## RAW DATA:
Segment Open
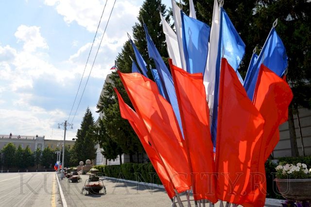 Курган преобразили ко Дню России: на улицах и в парках появились яркие флаговые «костры» и флагштоки, а на фасадах домов – праздничные баннеры. Предприятия и учреждения украсили окна своих зданий рисунками, картинками, надписями с праздничной символикой.
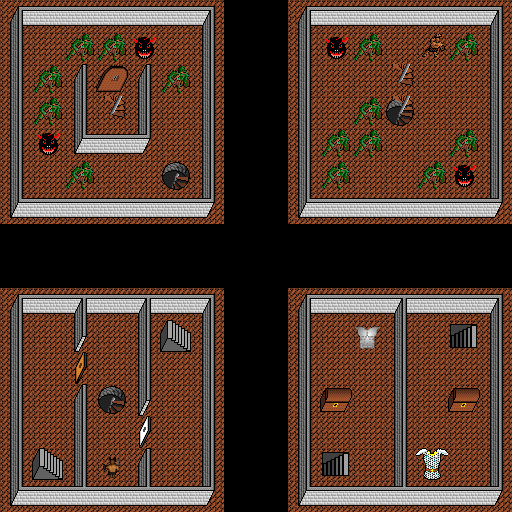 Monsters on map (level from 1 to 2): goblin, little kobold, orc.
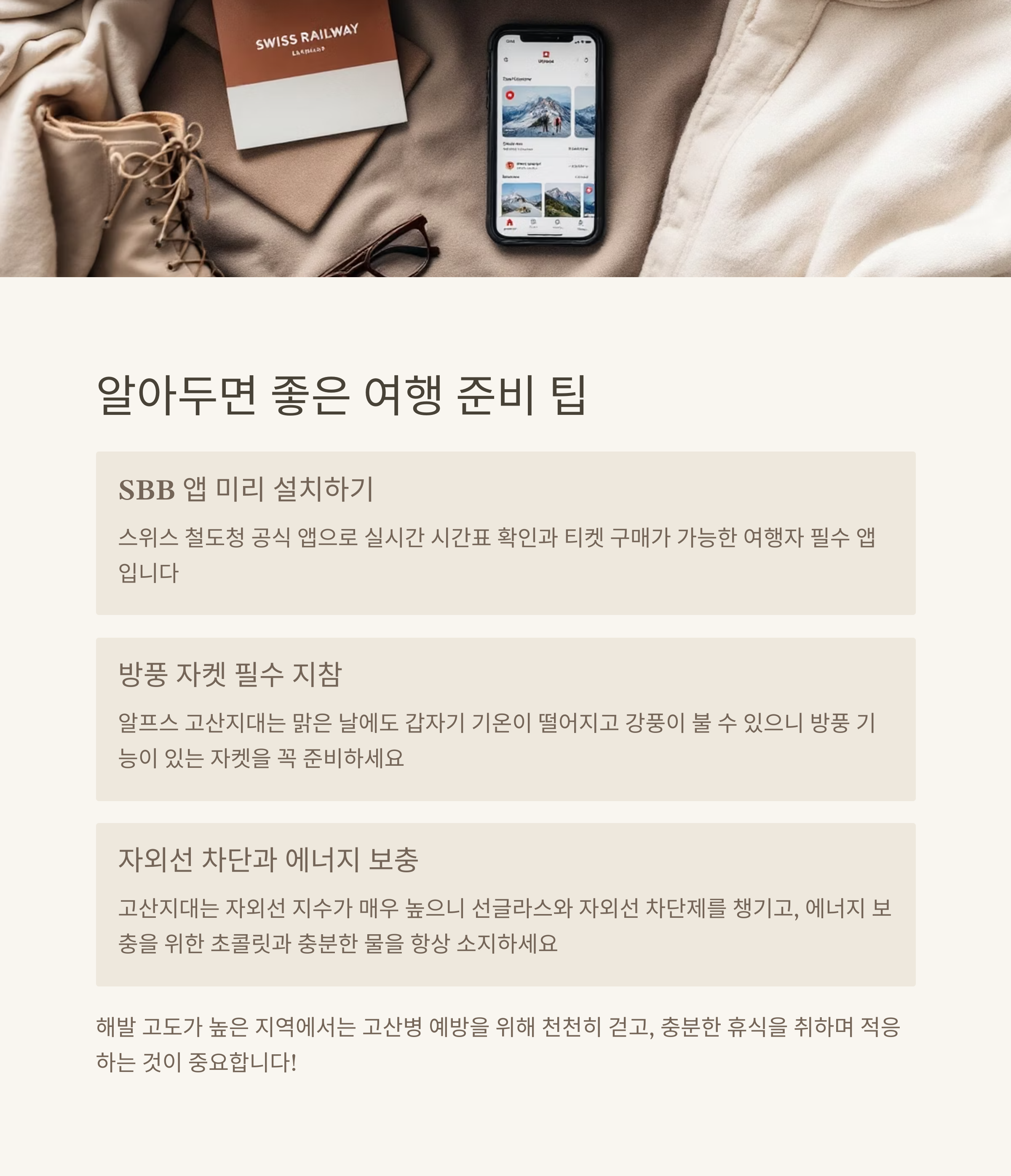 | 티켓 | 스위스패스 or 융프라우패스로 할인 가능 |
Segment Closed
## TASK INSTRUCTIONS:
The material above holds pictures; copy everything else in it exactly.

## RESPONSE FOR THIS EXERCISE:
 Курган преобразили ко Дню России: на улицах и в парках появились яркие флаговые «костры» и флагштоки, а на фасадах домов – праздничные баннеры. Предприятия и учреждения украсили окна своих зданий рисунками, картинками, надписями с праздничной символикой.
 Monsters on map (level from 1 to 2): goblin, little kobold, orc.
 | 티켓 | 스위스패스 or 융프라우패스로 할인 가능 |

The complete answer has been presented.